Early on, onboard camera signals had to be beamed up to a helicopter and then relayed to the broadcast center. Then, FOM came up with the idea of placing land-based receivers around the venue to relay the signals. There are typically eight such sites dotted around each Grand Prix circuit. This advancement in technology allowed for the transmission of video from inside tunnels like those in Monaco, something that wasn’t possible with helicopters.

The onboard cameras’ housing has to be aerodynamically shaped. Typically, there are five such housings situated at strategic points around the vehicle. One such point has been made mandatory – the one behind the driver’s head on top of the airbox – by Formula 1 racing. This camera has since evolved into one that can face backward and forward. In conjunction with FOM, race tracks have designated the other four camera positions to be: on either side of the front of the car; in front of the front axle; on either side of the engine covering; and on top of the hood, just ahead of the windshield.
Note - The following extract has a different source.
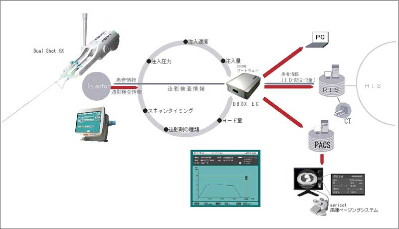DUAL SHOT GXの特徴 検査目的別に開発された注入プロトコル 必要なCT値を得る検査をするには体重を考慮した造影剤量、撮影時間を考慮した注入時間、目的の画像を得るための撮影タイミングがとても重要になります。 これら重要な要素を簡単な操作で自動的に計算し、最適な注入条件が設定できるソフトがさらに充実し実現されました。

Any cameras located on the rear of the vehicle must be attached to the forward end of teardrop-shaped, aerodynamic housing. This is done because the tapered shape of the rear end is not conducive to accommodate the camera housing.

So, the next time you watch a Formula 1 race car picking its way through a crowded field of competitors, or speeding down a straightaway, or engaged in heavy braking manoeuvre in a hairpin turn, all from ground-level, know that it was all made possible by the ingenuity of the onboard camera.